Abstract
The National Electrical Manufacturers Association (NEMA) standard NU 4-2008 for performance measurements of small-animal tomographs was recently published. Before this standard, there were no standard testing procedures for preclinical PET systems, and manufacturers could not provide clear specifications similar to those available for clinical systems under NEMA NU 2-1994 and 2-2001. Consequently, performance evaluation papers used methods that were modified ad hoc from the clinical PET NEMA standard, thus making comparisons between systems difficult. Methods: We acquired NEMA NU 4-2008 performance data for a collection of commercial animal PET systems manufactured since 2000: microPET P4, microPET R4, microPET Focus 120, microPET Focus 220, Inveon, ClearPET, Mosaic HP, Argus (formerly eXplore Vista), VrPET, LabPET 8, and LabPET 12. The data included spatial resolution, counting-rate performance, scatter fraction, sensitivity, and image quality and were acquired using settings for routine PET. Results: The data showed a steady improvement in system performance for newer systems as compared with first-generation systems, with notable improvements in spatial resolution and sensitivity. Conclusion: Variation in system design makes direct comparisons between systems from different vendors difficult. When considering the results from NEMA testing, one must also consider the suitability of the PET system for the specific imaging task at hand.
The use of PET to study animal models of human disease has been expanding. By the late 1990s, several groups had constructed prototype PET systems (1–9) because it had been found that significant benefits in spatial resolution, sensitivity, image quality, and quantification were achievable using systems designed specifically for small laboratory animals. In 2000, commercial preclinical PET systems became available, and over the next 10 y the performance and capabilities of these systems evolved rapidly.

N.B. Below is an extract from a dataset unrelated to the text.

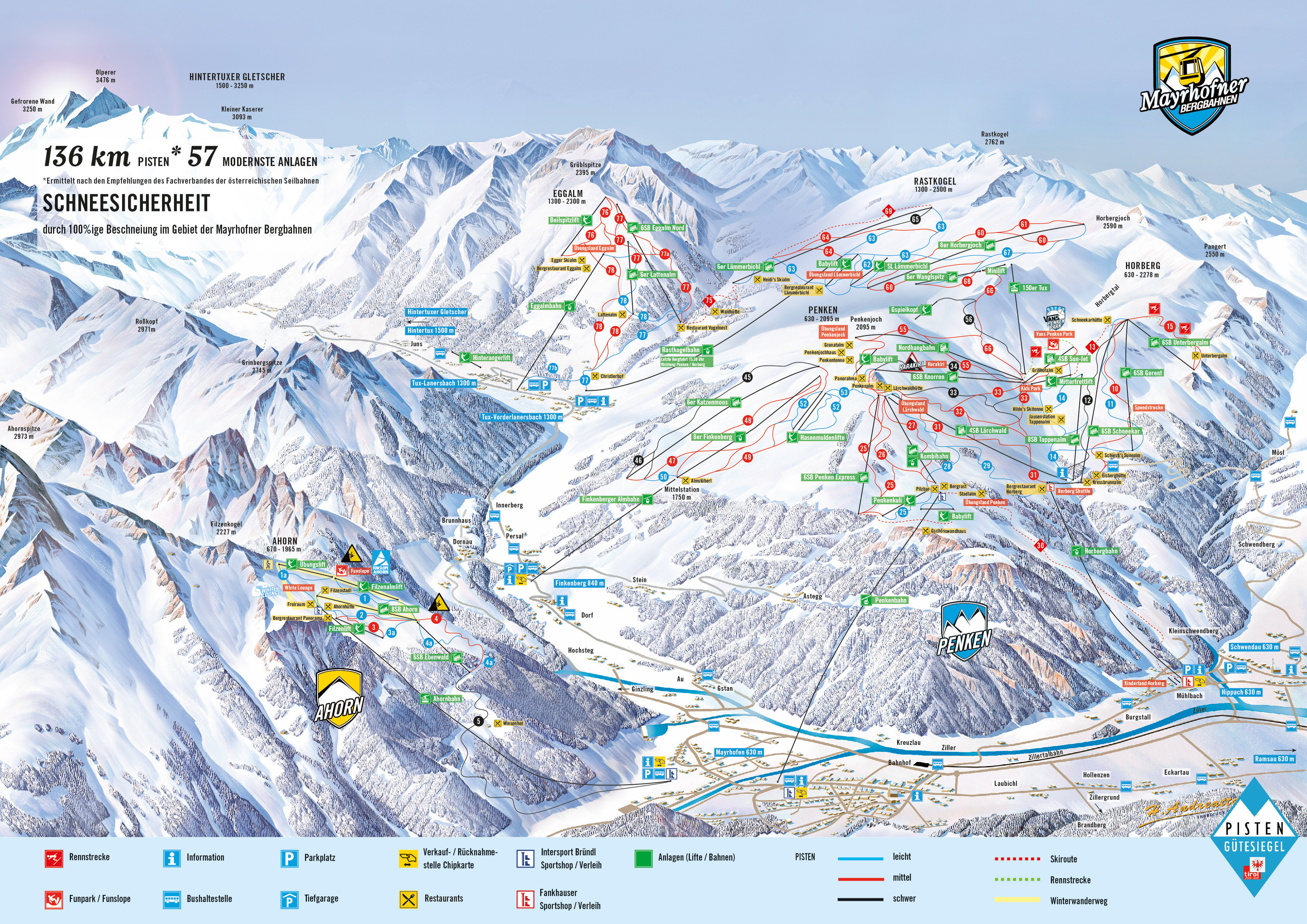 Insgesamt bietet das zusammenhängende Skigebiet an Penken, Rastkogel, Eggalm und Ahorn 136 Pistenkilometer und 57 Liftanlagen. Drei Viertel der Pisten sind rot und schwarz markiert und so vor allem für gute Skifahrer geeignet. Ins Skigebiet einsteigen kann man in den Talorten in Mayrhofen, Finkenberg, Lanersbach und Vorderlanersbach. Highlights sind in sportlicher Hinsicht sicherlich die schwarze Harakiri-Abfahrt und der große Vans Penken Park. In kulinarischer und architektonischer Hinsicht sollte man sich die aus Eis gefertigte White Lounge am Ahorn sowie die pyramidenartige Schneekarhütte nicht entgehen lassen.

The maturing market for preclinical PET systems led to the need for standardized methods of performance evaluation. Such standardization facilitates acceptance testing and routine monitoring and allows comparison between systems from different vendors and of different designs. To address this need, the National Electrical Manufacturers Association (NEMA) NU 4 standard was published in 2008 (10). Before then, there was no agreed-upon method to evaluate the performance of preclinical PET systems, and manufacturers could not provide specifications as is done for clinical systems under the NEMA NU 2-1994 (11) and NU 2-2001 (12) standards. In addition, performance evaluation articles on many early-generation preclinical PET systems used methods that were modified ad hoc from the clinical NEMA standard. As no two early systems were evaluated in a consistent manner, it was difficult to compare performance between early and newer camera designs.

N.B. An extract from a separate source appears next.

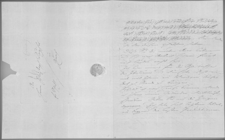 Die ersten vier Zeilen von Goethes Brief vom 28. Juni 1784 an seinen Frankfurter Jugendfreund, den Komponisten Philipp Christoph Kayser (1755–1823), sind durch Tintenschlingen unkenntlich gemacht. Goethes eigenhändiger Text ist nicht im gleichen Grad durch diesen Eingriff unlesbar geworden. Schon mit bloßem Auge lassen sich viele Worte erkennen. Soweit waren die Herausgeber der Weimarer Ausgabe, als sie diesen Brief 1890 abdruckten und die ersten zweieinhalb Zeilen und das letzte Wort reproduzieren konnten: „d. 24. Jun. ist ein Brief an Sie abgegangen in dem ein Wechselbrief auf Lyon lag, wo [...] können.“

In this work, we present NEMA NU 4-2008 performance measurements for a collection of preclinical PET systems that span the first 10 y of commercial availability. Our intent is to provide an objective source to which future systems can be compared, understand how the different design decisions of preclinical PET systems affect performance data, and examine whether the NU 4-2008 tests are adequate to characterize performance. We avoid making qualitative statements about whether one system is better than another (except when comparing systems from a single manufacturer). We also do not consider the performance of add-on features such as CT, animal-handling equipment, or data analysis software, all of which may factor into the choice of the optimal system for a given research program.
MATERIALS AND METHODS
Systems
To be included in this work, a PET system needed to have been commercially manufactured since 2000 and be in good working order. Prototype research systems were specifically excluded. The 11 systems included are summarized in Table 1.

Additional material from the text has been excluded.